9
$\begingroup$

I want to use the numerical approximation of the integral of a function given a list of data:

$$\int_a^bf(x)dx\approx\sum_{k=1}^N\frac{f(x_{k})+f(x_{k-1})}{2}(x_{k}-x_{k-1}),$$

where $f(x_0)=f(a)$ and $f(x_N)=f(b)$. I have the following list of data $(x_k,f(x_k))$:

Data1:={{0.0708461, 3.81099}, {0.152771, 6.5486}, {0.334735,4.56075}, {0.361943,3.44458}, {0.734831, -13.7032}, {0.881342, -15.2212}, {0.9695,-14.8131}, {1.23953, -13.3162}, {1.26711, -13.4099}, {1.33873, -13.9118}, {1.34442, -13.9659}, {1.50195,-15.9091}, {1.54436,-16.4444}, {1.66381, -17.5282}, {1.99997, -15.3791}, {2.12293,-13.5003}, {2.32644, -11.0439}, {2.42306, -10.3641}, {2.81243,-8.57635}, {3.02891, -6.8037}, {3.07009, -6.42764}, {4.06738,-2.08671}, {4.31106, -1.35298}, {4.49278, -1.02712}, {4.50307,-1.01467}, {4.63782, -0.892636}, {4.66641, -0.873371}, {4.68833,-0.859377}, {4.87293, -0.740146}, {4.95529, -0.67409}}

which I'd like to take to construct the result.
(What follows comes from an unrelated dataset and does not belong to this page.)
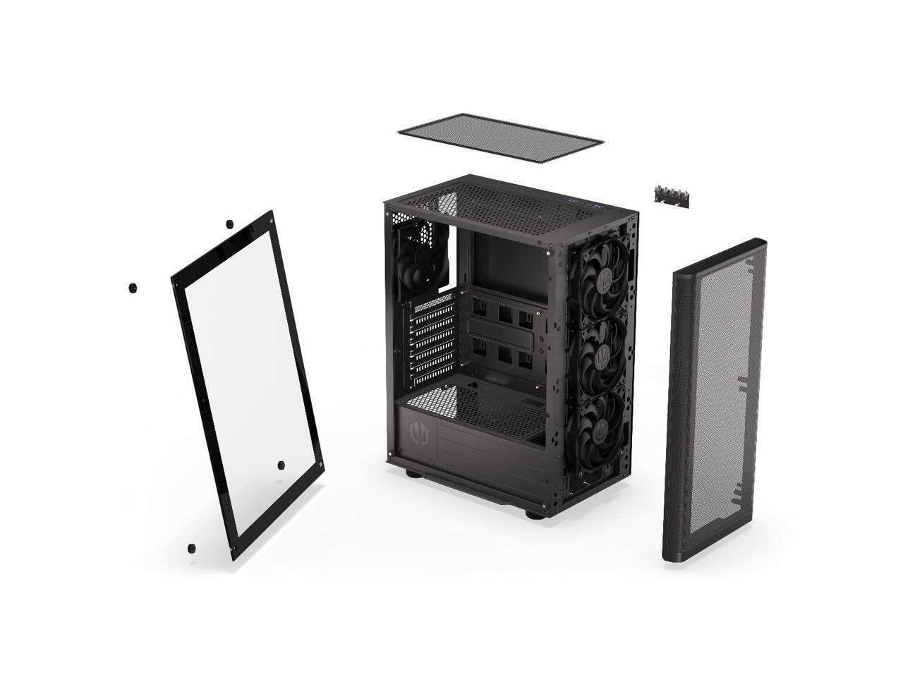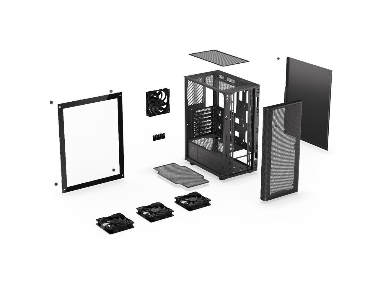- Sleek Tempered Glass Design: Featuring tempered glass side, top, and front mesh panels, this case offers a modern and stylish look while showcasing your build.

I've tried RecurrenceTable and Interpolation, but I want to use only the given data.

EDIT:

I've tried

Sum[(Data1[[k, 2]] + Data1[[k - 1, 2]])/2(Data1[[k, 1]]-Data1[[k-1,1]]),{k,2,Length[Data1]}]
$\endgroup$
2
  • 1
    $\begingroup$ Mathematica v12.2 evalutes your code correctly! $\endgroup$ Commented Jun 24 at 7:06
  • $\begingroup$ Your code gives the correct answer in V14.0.0, too! $\endgroup$
    – Michael E2
    Commented Jun 24 at 23:44

8 Answers 8

5
$\begingroup$

To compute the numerical approximation of the integral of a function given a list of data using the trapezoidal rule, you may need to follow the approach you described. Your method is essentially correct; however, there are a few minor issues in your code. The expression (Data1[[k, 2]] + Data1[[k - 1, 2]])/2(Data1[[k, 1]]-Data1[[k-1,1]]) is missing a multiplication operator between 1/2 and the interval length.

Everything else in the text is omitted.